I love the photo with the dog


----------



## collisiontheory89 (Apr 16, 2008)

He looks like such a big squish! I want to cuddle him!


----------



## hikaricore (Dec 16, 2007)

aww ^_^

the baby pictures are priceless and the image with the dog gave me a giggle


----------



## naturegirl (Mar 11, 2008)

I had to do it...


----------



## Randi (May 25, 2008)

Those pictures are amazing... you're very talented.


----------



## ratlover4everrr (Jan 31, 2008)

whoa big boy haha. =]


----------



## zombiedork (Jul 7, 2008)

Aweh. He was a cute lil baby, & he's a lil chubster now heh.


----------



## Stace87 (Jun 24, 2008)

zombiedork said:


> Aweh. He was a cute lil baby, & he's a lil chubster now heh.


A cute chubster though!


----------



## sourat (May 9, 2008)

He grew up to be such a handsome boy!


----------



## Ms_Ratty (Jul 14, 2008)

Such great pics. You have a REALLY good camera.

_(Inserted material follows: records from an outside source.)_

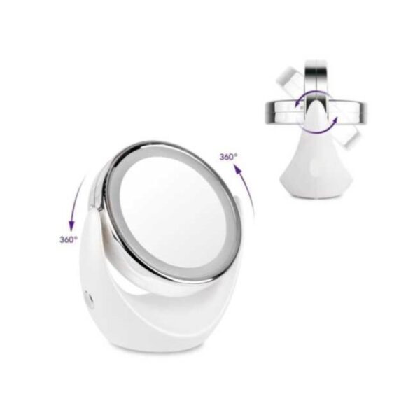 Στρογγυλός καθρέφτης μακιγιάζ με Led και ανεμιστήρα. Διαθέτει 2 πλήκτρα για το φωτός και τον ανεμιστήρα. Με βάση στήριξης. Ιδανικό για ένα υπέροχο μακιγιάζ. Διαστάσεις 23x20cm.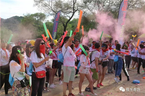 | | 2018第四届长春彩跑狂欢节--小猪佩奇告白季在五月二十日这个充满爱意的一天在莲花山这个充满生命的地方开始了。 志愿者们提前几个小时准备出发,去往莲花山路上,志愿者分为两批到达目的地,到了莲花山后,负责人为每一位志愿者分发了专门的衣服。之后简单的了解,按照之前安排好的工作任务进行分配与调整,各成员有了自己任务,开始前往任务场地。 首先是装参赛人员的背包,背包里分别有一个胸章,一个小猪佩奇的贴纸,一件衣服,还有一袋子彩粉,其次负责装彩粉,将五颜六色的彩粉装进喷壶里,以便在活动时供大家玩的开心。还有一部分小伙伴负责灌水汽球,给大家一个调皮的玩笑,一些准备工作完成后,志愿者们前往莲花山站点领取志愿者背包,换好服装后,各成员前往工作区域待命,等待着彩虹跑开始。 大约三点多,参赛者到达了场地,彩虹跑开幕式便开始了。主持人进行了简单的活跃气氛,参赛者兴致勃勃从起点出发了,等待他们的将是一个一个彩虹站的洗礼,志愿者们也早已准备好了喷壶。准备接受我们的挑战吧! 彩虹路线全程3.5公里。沿途设置三个分站,每经过一站就是一个关卡。很快每个人脸上都布满了无颜六色的彩粉,身上也变的花花绿绿的,脸上洋溢着像彩虹一样的笑容。大家一起打打闹闹,享受着欢快的过程到达了终点。 活动结束后,负责人准备了乐队,和最后一波彩粉大站。欢快的时间总是短暂的,很快一天的活动也落下了帷幕。最后志愿者和参赛人员一起合影留念,记录这美丽的瞬间。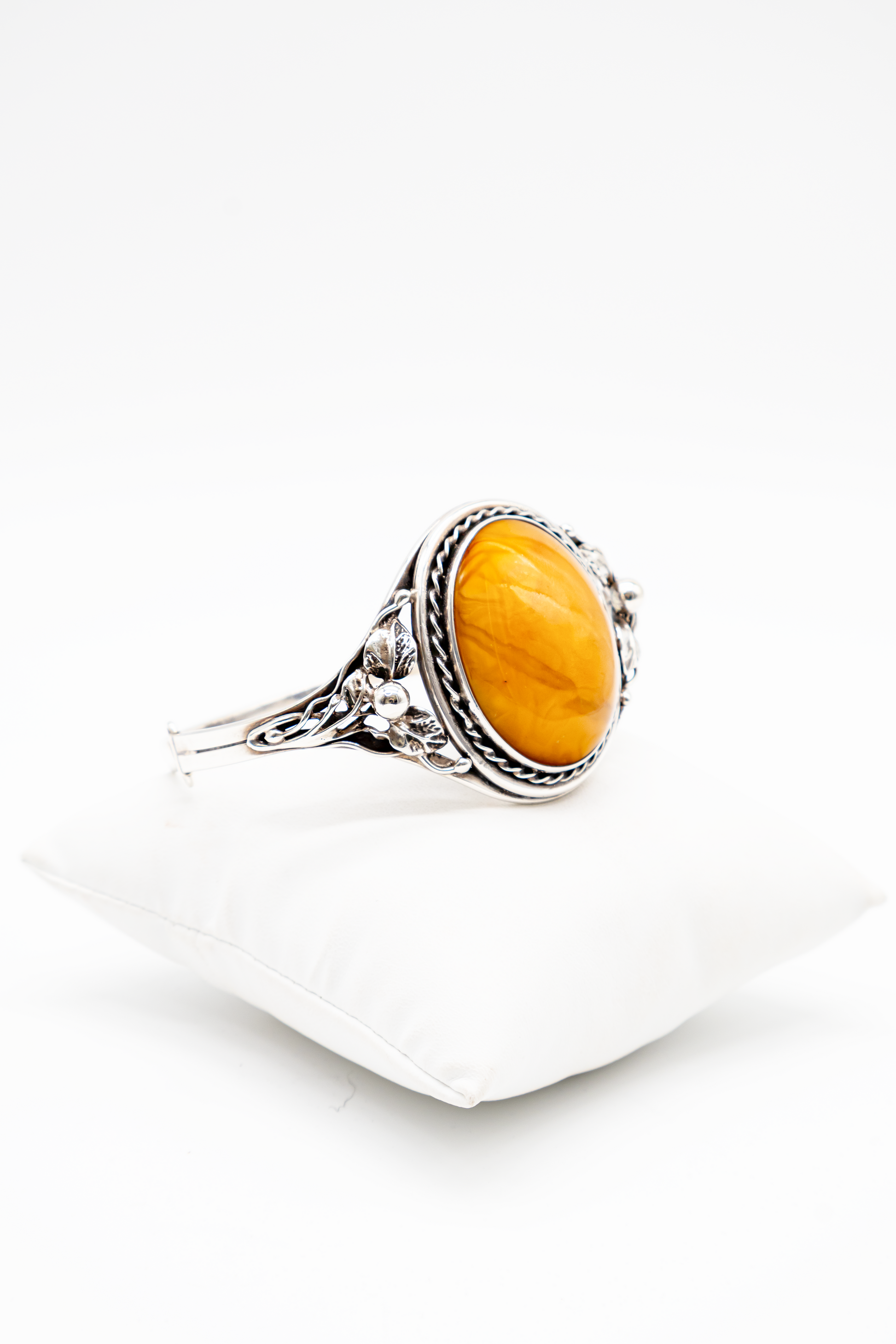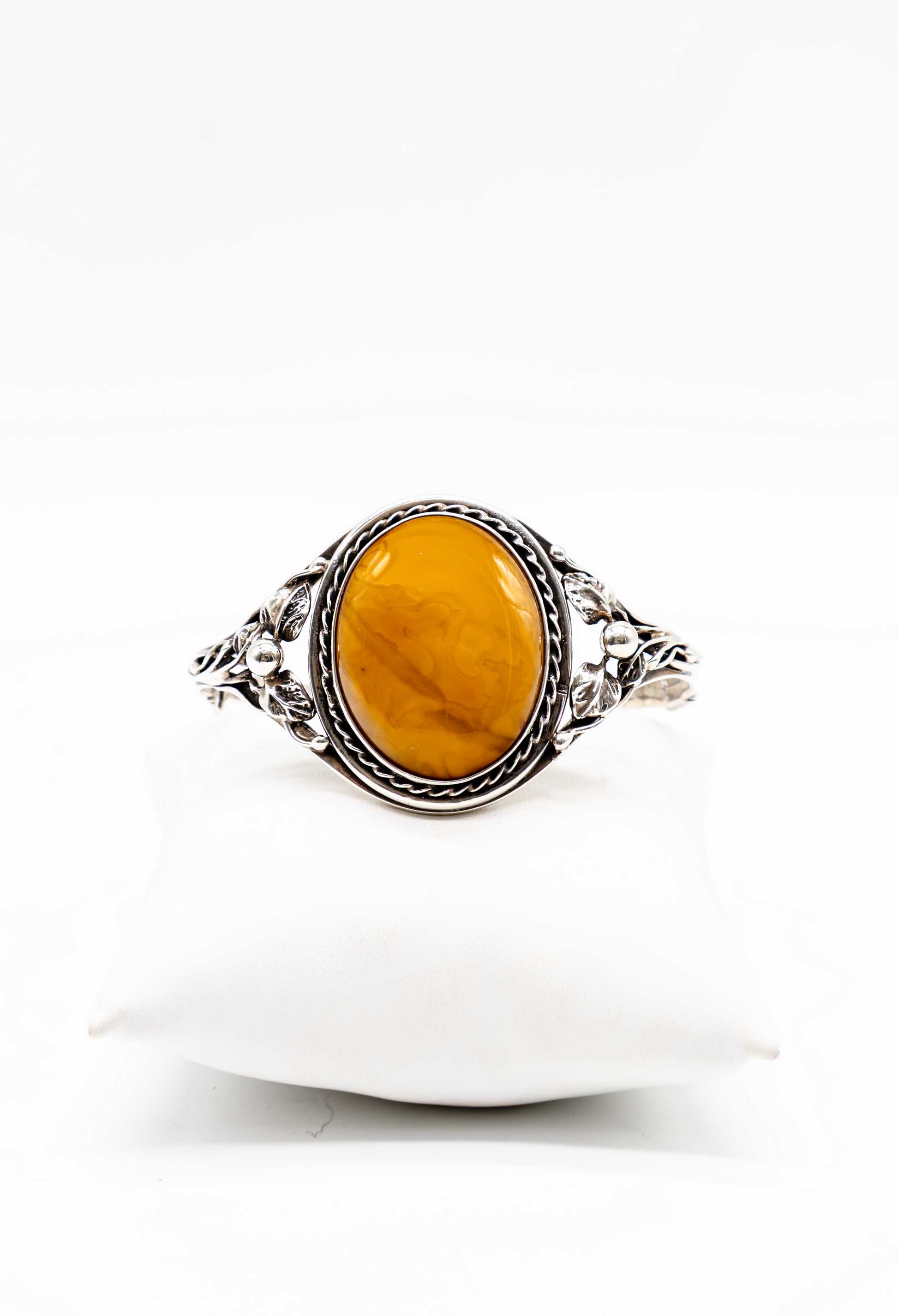 Dieser Armreif ist ein echtes Kunstwerk und ein absolutes Einzelstück. Der große honiggelbe Bernstein mit seiner warmen, samtigen Struktur zieht sofort alle Blicke auf sich. Die kunstvoll gearbeitete Silberfassung mit floralen Ornamenten unterstreicht seinen edlen Charakter und macht das Schmuckstück einzigartig – genau so ein Design findet man kein zweites Mal.

And I love his whiskers!


----------



## radlations (May 24, 2008)

Cute pictures!


----------



## A1APassion (Jul 29, 2007)

hee-hee-hee....


----------



## ratlover4everrr (Jan 31, 2008)

haha! A1APassion your pics with captions are hilarious! keep it up! =]


----------



## Mimzy (Apr 21, 2008)

Almost knocked me off my chair with how absolutely ADORABLE he is. Handsome boy!


----------



## hayleyingham (Jul 16, 2008)

gosh he is apsolutely gorgeous


----------



## saosin (Jan 6, 2008)

The baby pics of him are very cute! He reminds me of my boy Yoshi.


----------



## BlueSkyy (Sep 27, 2007)

I had to do it too...


----------



## Stace87 (Jun 24, 2008)

Good one *BlueSkyy*


----------



## Neverstrayed (Jun 16, 2008)

My eyes are watering, he is so cute!


----------